■ **Entries provided**:
----
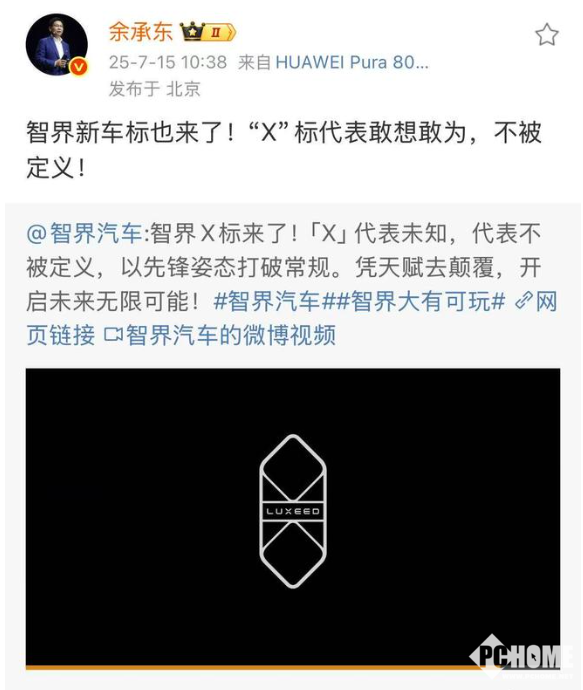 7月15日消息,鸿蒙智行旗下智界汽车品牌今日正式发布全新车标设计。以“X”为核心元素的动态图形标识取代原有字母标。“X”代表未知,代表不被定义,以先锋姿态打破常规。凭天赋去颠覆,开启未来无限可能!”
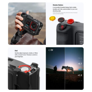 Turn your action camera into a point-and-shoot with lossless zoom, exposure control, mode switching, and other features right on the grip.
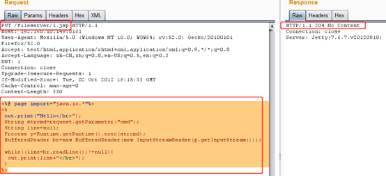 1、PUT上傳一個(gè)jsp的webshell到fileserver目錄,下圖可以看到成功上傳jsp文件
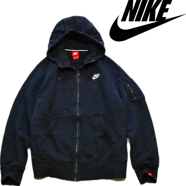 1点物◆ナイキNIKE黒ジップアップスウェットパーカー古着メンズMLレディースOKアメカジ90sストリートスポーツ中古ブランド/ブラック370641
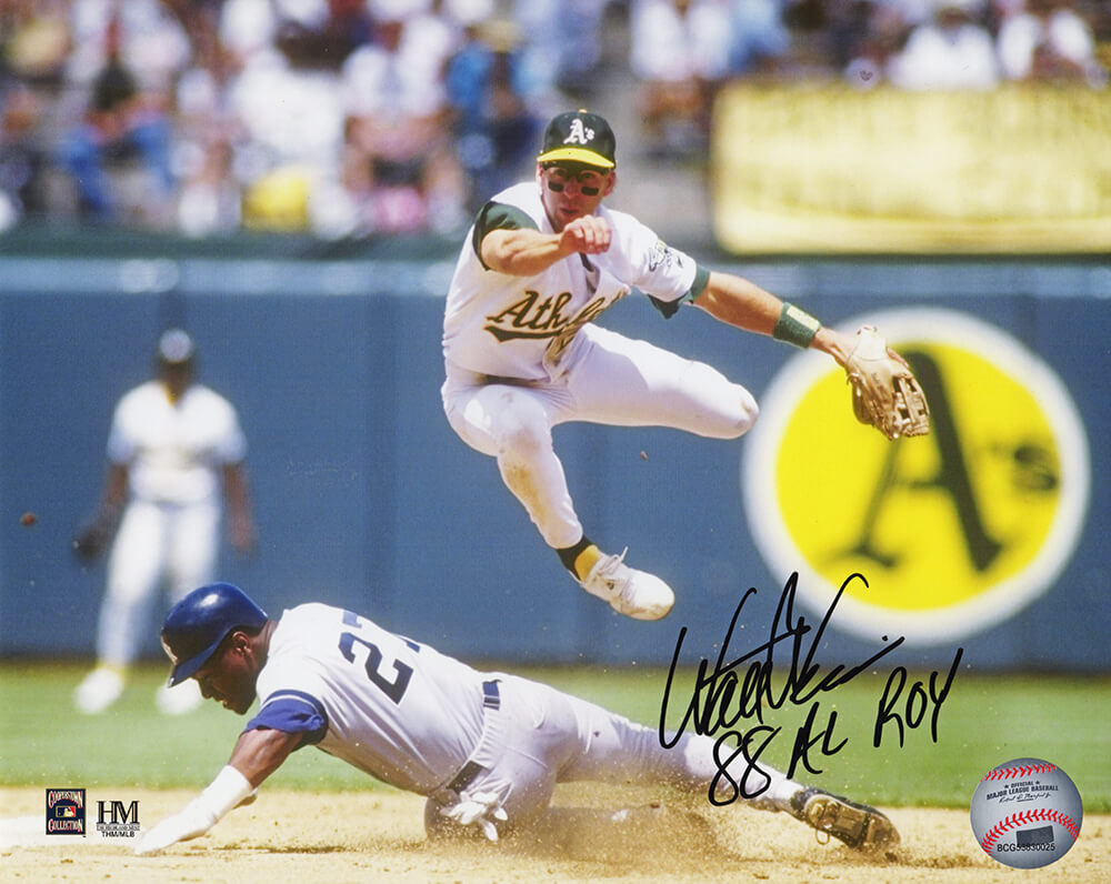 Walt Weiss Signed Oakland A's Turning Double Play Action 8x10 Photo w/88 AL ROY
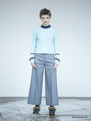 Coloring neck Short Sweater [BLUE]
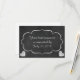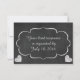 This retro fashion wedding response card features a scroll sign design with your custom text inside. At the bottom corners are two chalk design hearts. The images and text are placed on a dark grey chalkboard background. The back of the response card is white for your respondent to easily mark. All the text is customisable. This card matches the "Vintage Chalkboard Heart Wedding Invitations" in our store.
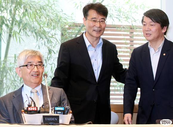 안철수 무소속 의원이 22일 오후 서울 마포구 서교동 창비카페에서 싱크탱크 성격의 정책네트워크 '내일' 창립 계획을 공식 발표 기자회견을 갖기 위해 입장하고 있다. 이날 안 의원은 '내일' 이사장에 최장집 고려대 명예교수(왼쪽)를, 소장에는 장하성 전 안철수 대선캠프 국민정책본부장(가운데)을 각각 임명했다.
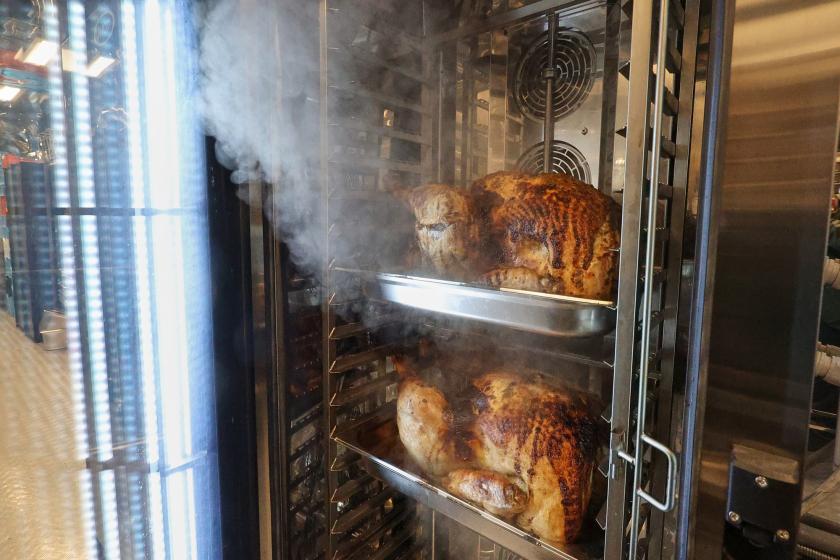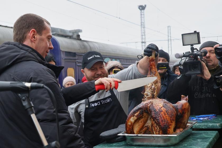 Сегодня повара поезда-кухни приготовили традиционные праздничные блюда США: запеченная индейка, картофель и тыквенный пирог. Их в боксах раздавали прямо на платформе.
----
■ **Task statement**:
None of the pictures should appear; repeat the records exactly otherwise.

■ **Answer section**:
 7月15日消息,鸿蒙智行旗下智界汽车品牌今日正式发布全新车标设计。以“X”为核心元素的动态图形标识取代原有字母标。“X”代表未知,代表不被定义,以先锋姿态打破常规。凭天赋去颠覆,开启未来无限可能!”
 Turn your action camera into a point-and-shoot with lossless zoom, exposure control, mode switching, and other features right on the grip.
 1、PUT上傳一個(gè)jsp的webshell到fileserver目錄,下圖可以看到成功上傳jsp文件
 1点物◆ナイキNIKE黒ジップアップスウェットパーカー古着メンズMLレディースOKアメカジ90sストリートスポーツ中古ブランド/ブラック370641
 Walt Weiss Signed Oakland A's Turning Double Play Action 8x10 Photo w/88 AL ROY
 Coloring neck Short Sweater [BLUE]
 This retro fashion wedding response card features a scroll sign design with your custom text inside. At the bottom corners are two chalk design hearts. The images and text are placed on a dark grey chalkboard background. The back of the response card is white for your respondent to easily mark. All the text is customisable. This card matches the "Vintage Chalkboard Heart Wedding Invitations" in our store.
 안철수 무소속 의원이 22일 오후 서울 마포구 서교동 창비카페에서 싱크탱크 성격의 정책네트워크 '내일' 창립 계획을 공식 발표 기자회견을 갖기 위해 입장하고 있다. 이날 안 의원은 '내일' 이사장에 최장집 고려대 명예교수(왼쪽)를, 소장에는 장하성 전 안철수 대선캠프 국민정책본부장(가운데)을 각각 임명했다.
 Сегодня повара поезда-кухни приготовили традиционные праздничные блюда США: запеченная индейка, картофель и тыквенный пирог. Их в боксах раздавали прямо на платформе.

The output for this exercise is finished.